HEADING home on the top deck of a bus the other evening we came to a halt in no man's land . . . Portobello.

Suddenly, the driver appeared up the stairs and demanded to know if anyone was asleep. No-one replied, not because of unconsciousness, but because they couldn't be bothered.

The driver asked again. Same response. "Control, " he said, "thinks there's someone asleep up here." Then he disappeared, leaving me to wonder who control was, how he knew someone might be asleep, and what he was going to do about it if his suspicions were confirmed.

Merry Christmas to one and all!

Cardinal could settle Rowan's misconceptions

YOU do not need me to tell you that we live in the weirdest of times. Take Dr Rowan Williams, a so-called divine. Dr Rowan is the Archbishop of Canterbury, which makes him the heidbummer of the Church of England, which is to religion what the LibDumbs are to politics, ie makeweights.

Quizzed on radio by Ricky Gervais, a sausage supper, Dr Rowan intimated the Christmas story as told in the Bible is largely hokum, from the three wise men to the virgin birth.

Thus he played straight into the grubby hands of infidels such as Richard Dawkins, who makes his living denying the existence of his Maker, and Christopher Hitchens, who recently described in loving detail how he made his testicles bald.

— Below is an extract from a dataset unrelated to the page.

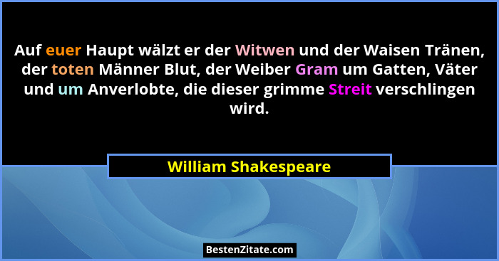 Auf euer Haupt wälzt er der Witwen und der Waisen Tränen, der toten Männer Blut, der Weiber Gram um Gatten, Väter und um Anverlobte, die dieser grimme Streit verschlingen wird.

No wonder my Taliban chums think the West is full of decadent reprobates. But back to Dr Rowan, who one might have thought would now be considering his position. Not a bit of it. He may not believe that Jesus was born without any houghmagandie ever having taken place between Mary and Joseph, that there was no room at the Holiday Inn and that He was perforce born in a manger in a stable bare, and that there was no snow in Bethlehem 2007 years ago because a BBC weatherman says so, but he cannot surely stand in the pulpit on Christmas Day and ask his flock to take him seriously. Even more mystifying, though, is the silence of other so-called divines, who one might have thought were a tad upset at Dr Rowan's witterings. Not for the first time do I bemoan the absence of my dear friend Cardinal Thomas Winning who would have known exactly how to put Dr Rowan in his place with a . . . metaphorical . . . Glesca kiss.

Queen squashed my support

LAST week good Queen Tupperware set yet another record, becoming the oldest ever monarch to perch on the British throne, overtaking in the process Queen Vicky, best known as the mournful licensee of a pub in Albert Square.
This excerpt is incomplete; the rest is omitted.